No refugee shall be penalised on account of illegal entry or presence on Rwandan territory once a new Bill presented to Parliament is passed in its current form.

Government tabled the Bill in Parliament last week, seeking to review the law relating to refugees by introducing critical clauses missing in previous laws.

Tabling the Bill, the Minister for Disaster Management and Refugee Affairs, Seraphine Mukantabana, told lawmakers the law governing refugees and asylum seekers in Rwanda ought to be reviewed because amendments in a 2001 law and the 2006 law do not reflect the current state of affairs.

According to Mukantabana, among other changes, the Bill seeks to streamline work of her ministry in handling refugees’ affairs since the National Refugee Council no longer performs day to day work concerning refugees as stipulated in the current law.

The new Bill will be scrutinised by parliament’s standing committee.

New clauses to the Bill include: non-refoulement; non-penalisation; as well as others that tackle issues to do with refugee camps management; and others focusing on durable solutions for the refugees’ problem.

Non-refoulement

Non-refoulement, a key facet of refugee law, concerns the protection of refugees from being returned to places where their lives or freedoms could be threatened. It is a principle of the international law which forbids the rendering of a true victim of persecution to their persecutor; persecutor generally referring to a state-actor – country or government.

Under the article 23: [Non-refoulement], “no refugee  shall be expelled or returned in any manner whatsoever to the frontiers of the territories where their life or freedom would be threatened on account of race, religion, nationality, membership of à particular social group or political opinion.”

But now Article 24 introduces: non-penalisation, no refugee shall be penalised on account of illegal entry or presence on Rwandan territory.

On refugee camps management, three new clauses – 26, 27 and 28 – are introduced to streamline aspects of: settlement of refugees; mechanisms for entry to and exit from refugee camps; and cooperation with funding organisations.

On the settlement of refugees, the Bill states that the ministry, in collaboration with other concerned government institutions, shall decide on the locations of transit centres, refugee camps and settlement areas.

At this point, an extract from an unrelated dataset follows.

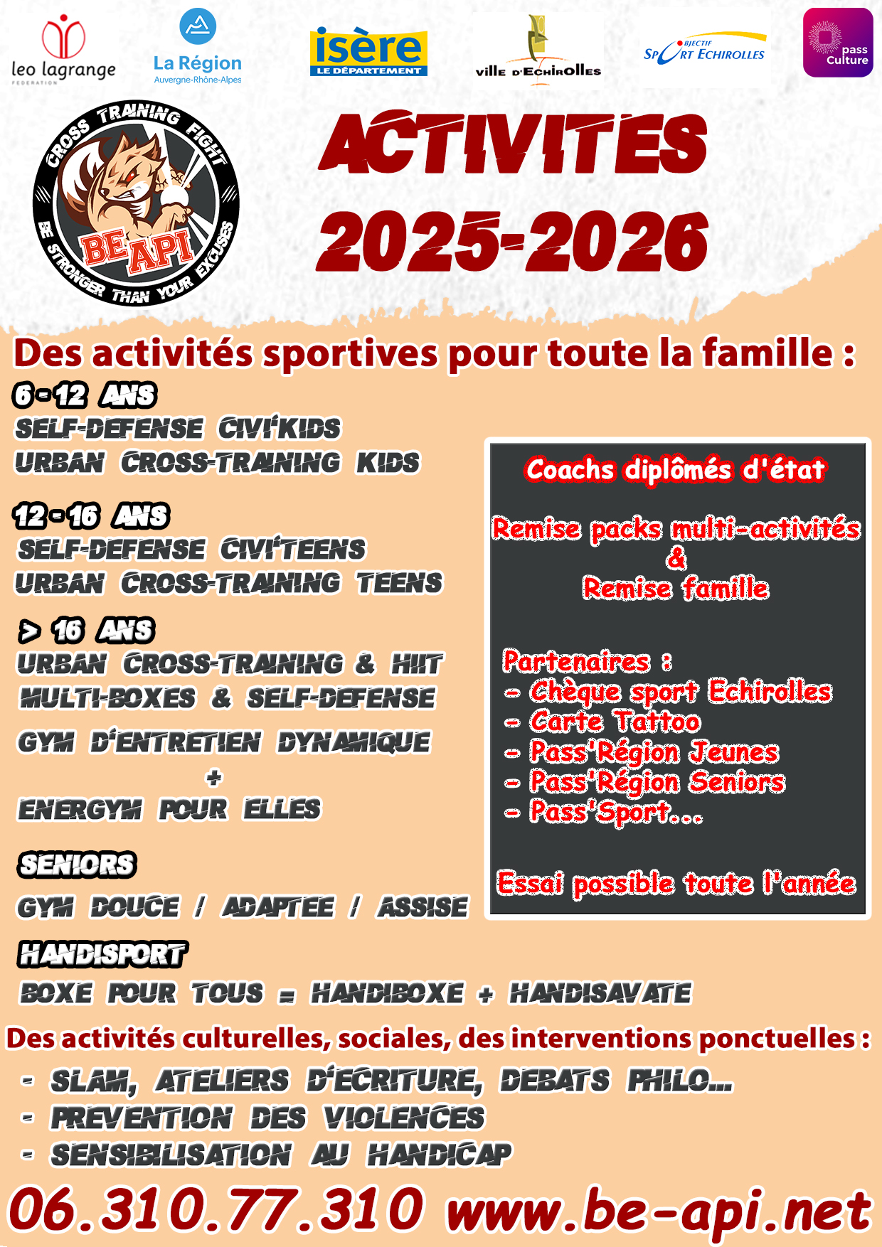Règlement intérieur + Docs Liste des dispositifs de subvention saison 2025-2026 Formulaire-QS-Sport-Majeurs Formulaire-QS-Sport-Mineurs Autorisation parentale pour les mineurs Fiche inscription imprimable 2025/2026 adultes Fiche inscription imprimable 2025/2026 ados et enfants Fiche inscription session gym douce été 2025 Consulter le règlement intérieur Consulter la notice d’assurance complémentaire Affiche n°1 activités 2025-2026 Affiche n°2 activités 2025-2026 Affiche Cross-Training Affiche ENERGYM Affiche SENIORS Affiche HandiBoxe Suivez nous sur : Cliquer pour envoyer un lien par e-mail à un ami(ouvre dans une nouvelle fenêtre) E-mail Cliquez pour partager sur Facebook(ouvre dans une nouvelle fenêtre) Facebook J’aime chargement…

On voluntary repatriation, the ministry, in collaboration with other institutions, may facilitate a refugee’s repatriation upon written request, the Bill states.

Under article 31, integration into Rwanda is also possible as the government “may allocate settlement areas to refugees and integrate them where possible.”

Environmental concerns highlighted

Even though MPs welcomed the Bill, several issues, including environmental degradation brought about by vast refugee settlements in the country, were highlighted.

MP Adolphe Bazatoha, chairperson of the Chamber of Deputies’ standing Committee on Agriculture, Livestock and Environment, observed that refugees’ issues do not only concern the people affected alone but also focus on the place where they are resettled in the host country, among others.

Bazatoha said: “Within the framework of the International Conference on the Great Lakes Region (ICGLR) there is research that was carried out, and findings indicated that refugees play a big role in destroying the environment, – with many  attendant consequences.”

The minister stressed that once refugees are in Rwanda, they, like Rwandan citizens are obliged to respect all the country’s laws – including laws governing environment.

Mukantabana said: “They are not above the law. When they violate the law they face teh law like Rwandans do.”

MP Emmanuel Gatera asked the minister whether refugees, as stakeholders were consulted when the Bill was drafted. He also requested that government, through the minister, make time, later, to brief the House on matters to do with refugees.

The minister said refugees were adequately consulted as well as other ministries and agencies concerned by the refugee issue.